Despite the greatness of the inspiring ideals and acknowledging the good outcomes, it is crucial to ask whether or not the ambitious expectations of the type of community-university partnership presented in this paper are then matched by reality. In other words, to what extent CRP’s and LabPEAT’s work is promoting real social change? Are they producing a permanent modification of existing power structures, decision-making procedures? Are they permanently affecting the way humans interact with other living beings and natural resources?
The Sicilian and the Delta cases, together with many other well-known cases in the literature, demonstrate that PAR is a very promising and fertile ground for planning researchers, whose disciplinary mandate is, intrinsically, action-oriented. If this is true, why do planning research seem to go toward a very different direction (Campbell, 2012)? While some scholars are still debating on PAR’s epistemological validity, others stress the level of frustration that can be associated generated by practical and organizational obstacles in dealing with a research method characterized by a high level of uncertainty: PAR relies on the idea that you modify your road while walking (Bell et alii, 1990) in the face of rigid academic calendars and funding procedures. Is this the reason why PAR is not more diffused in the academic environment? This research suggests that the real reason behind the scarce diffusion of PAR within the academic environment is not the difficult adaptation of traditional researchers to PAR.

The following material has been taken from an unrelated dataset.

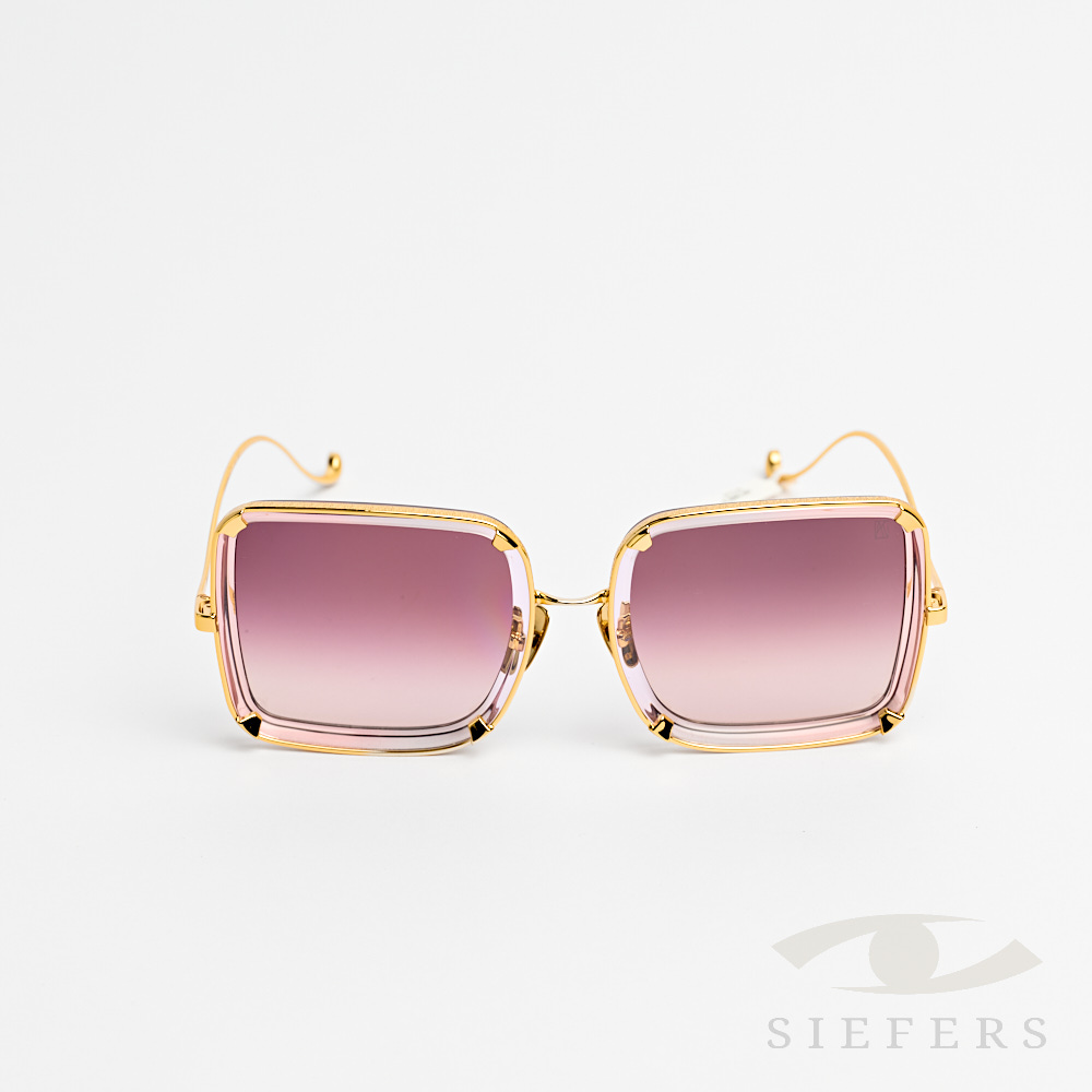 Dames zonnebril, Goud met gravering, gekrulde poot, titanium lichtgewicht met licht paarse/rood degrade glazen. Gelimiteerd 22/100

With a more Foucauldian perspective, it might be observed that epistemological debates are deeply shaped by existing structures of powers: since the essence of PAR is the redistribution of power (to know, to decide, to act) in favor of the powerless, it is not surprising that such an approach is difficult to “digest” for large institutions whose financial existence rely on the existing power structures.

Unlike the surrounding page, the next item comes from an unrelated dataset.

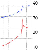 Should the issue arise from the amplifier it's possible spikes in power measurements could be noticed. An example of this is shown on the left image where the amplifier failed above 150mA. Depending upon the damage, the amplifier may fail to meet certain test levels or stop at a set frequency.
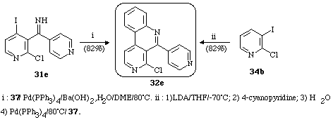 On the other hand, palladium-catalysed cross-coupling of 4-iodopyridines 31d-f,h with ortho-pivaloylaminophenylboronic acid (37) under Suzuki's conditions afforded 4,5-disubstituted benzonaphthyridines 32. Cyclization of the intermediary 4-phenylpyridine often but not always, occured spontaneously under the basic conditions of the coupling reaction.

Both UofM and Unict, together with many other European and American Universities, are increasingly required to depend upon private financial supports. Are they really in a position to genuinely embrace the work of their “engaged” research units, supporting the idea of becoming involved in controversial issues oppressing their communities? Goldsmith suggests that this is not likely to happen, suggesting that instead “universities will continue, quite understandably, to be concerned with their own problems – tighter budgets, increased internal demands, and new pressures from government, alumni, and business” (Goldsmith 1998: 1246).
As a matter of fact, both CRP’s and LabPEAT’s commitment to PAR and social change does not reflect the broader mission of their Universities. Their work is carried out with a limited amount of resources, and the institutional support is very strong on words, but very limited in practice (money, staff support, etc.). It is legitimate to ask: how permanent are these community-university partnerships and their ability to produce positive outcomes?
The reality is that, in both cases, the work is carried out not by external and resourceful agencies (NGOs or similar) but stable local structures based upon a great deal of voluntary work (from the part of both researchers and community members) and the “creative use” of traditional Grants. Beside personal commitments of university and community individuals, there are not stable organizational and/or financial arrangements that can guarantee the continuity of the work that, despite the good outcomes, is still very much uncertain. After small successes within important conflicts, such as the anti-incinerator campaign, social change can be pursued only through long-term committed time and money both for community members and researchers. Dolci’s Centre lasted 13 years, while Highlander, established in 1932, is still a working operation. Both institutions, though, were not part of large and powerful Universities. Was this the secret of their successes? I think this question, if addressed in a open and honest way, might help animate the international debate around the ability of planning research to address a genuine link between knowledge and action and, ultimately “to fortify the ideal of thus transforming Business and Politics -from a sordid struggle for survival into a civic and regional direction of energies to the maintenance and ennoblement of life.” (Branford & Geddes, 1917: p. 215.)